Without the images, print every line of the material below exactly as given.

___ DATA SHOWN ___

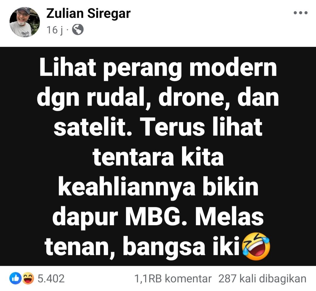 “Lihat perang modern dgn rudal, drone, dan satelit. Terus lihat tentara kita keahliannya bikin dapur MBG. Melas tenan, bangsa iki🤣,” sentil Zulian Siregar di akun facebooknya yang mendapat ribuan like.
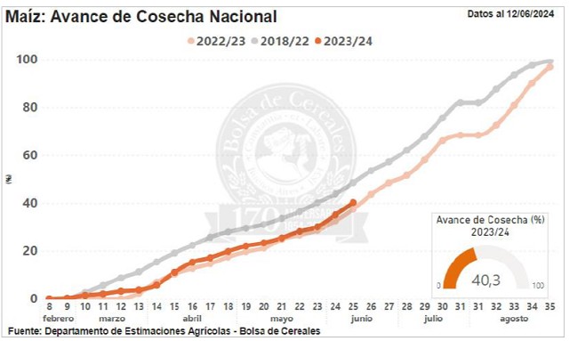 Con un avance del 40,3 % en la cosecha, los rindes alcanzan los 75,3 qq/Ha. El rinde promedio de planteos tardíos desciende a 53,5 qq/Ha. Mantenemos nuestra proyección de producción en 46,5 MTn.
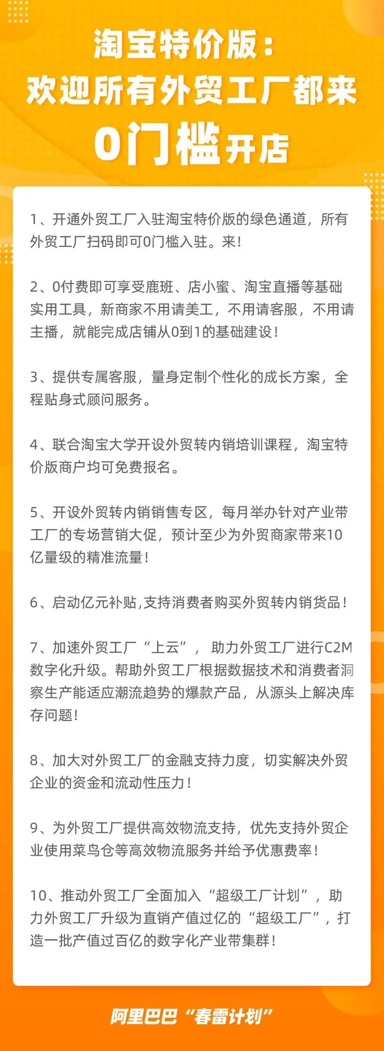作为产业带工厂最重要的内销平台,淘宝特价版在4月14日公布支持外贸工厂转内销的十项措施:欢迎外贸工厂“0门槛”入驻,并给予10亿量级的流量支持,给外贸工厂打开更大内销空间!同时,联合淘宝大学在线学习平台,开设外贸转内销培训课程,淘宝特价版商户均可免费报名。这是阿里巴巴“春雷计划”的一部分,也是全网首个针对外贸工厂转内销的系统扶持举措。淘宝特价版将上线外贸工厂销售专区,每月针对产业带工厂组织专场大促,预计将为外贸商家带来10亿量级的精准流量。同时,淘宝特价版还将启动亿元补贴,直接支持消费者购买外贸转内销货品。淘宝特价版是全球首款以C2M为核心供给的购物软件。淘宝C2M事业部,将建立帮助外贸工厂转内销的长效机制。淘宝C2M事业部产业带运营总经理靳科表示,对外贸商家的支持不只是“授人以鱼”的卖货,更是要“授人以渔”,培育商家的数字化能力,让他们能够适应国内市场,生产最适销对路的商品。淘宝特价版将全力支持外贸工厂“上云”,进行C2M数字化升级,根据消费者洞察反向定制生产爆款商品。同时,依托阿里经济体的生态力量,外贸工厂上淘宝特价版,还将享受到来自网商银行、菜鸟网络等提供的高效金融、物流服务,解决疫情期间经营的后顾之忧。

___

## EXERCISE ANSWER
 “Lihat perang modern dgn rudal, drone, dan satelit. Terus lihat tentara kita keahliannya bikin dapur MBG. Melas tenan, bangsa iki🤣,” sentil Zulian Siregar di akun facebooknya yang mendapat ribuan like.
 Con un avance del 40,3 % en la cosecha, los rindes alcanzan los 75,3 qq/Ha. El rinde promedio de planteos tardíos desciende a 53,5 qq/Ha. Mantenemos nuestra proyección de producción en 46,5 MTn.
作为产业带工厂最重要的内销平台,淘宝特价版在4月14日公布支持外贸工厂转内销的十项措施:欢迎外贸工厂“0门槛”入驻,并给予10亿量级的流量支持,给外贸工厂打开更大内销空间!同时,联合淘宝大学在线学习平台,开设外贸转内销培训课程,淘宝特价版商户均可免费报名。这是阿里巴巴“春雷计划”的一部分,也是全网首个针对外贸工厂转内销的系统扶持举措。淘宝特价版将上线外贸工厂销售专区,每月针对产业带工厂组织专场大促,预计将为外贸商家带来10亿量级的精准流量。同时,淘宝特价版还将启动亿元补贴,直接支持消费者购买外贸转内销货品。淘宝特价版是全球首款以C2M为核心供给的购物软件。淘宝C2M事业部,将建立帮助外贸工厂转内销的长效机制。淘宝C2M事业部产业带运营总经理靳科表示,对外贸商家的支持不只是“授人以鱼”的卖货,更是要“授人以渔”,培育商家的数字化能力,让他们能够适应国内市场,生产最适销对路的商品。淘宝特价版将全力支持外贸工厂“上云”,进行C2M数字化升级,根据消费者洞察反向定制生产爆款商品。同时,依托阿里经济体的生态力量,外贸工厂上淘宝特价版,还将享受到来自网商银行、菜鸟网络等提供的高效金融、物流服务,解决疫情期间经营的后顾之忧。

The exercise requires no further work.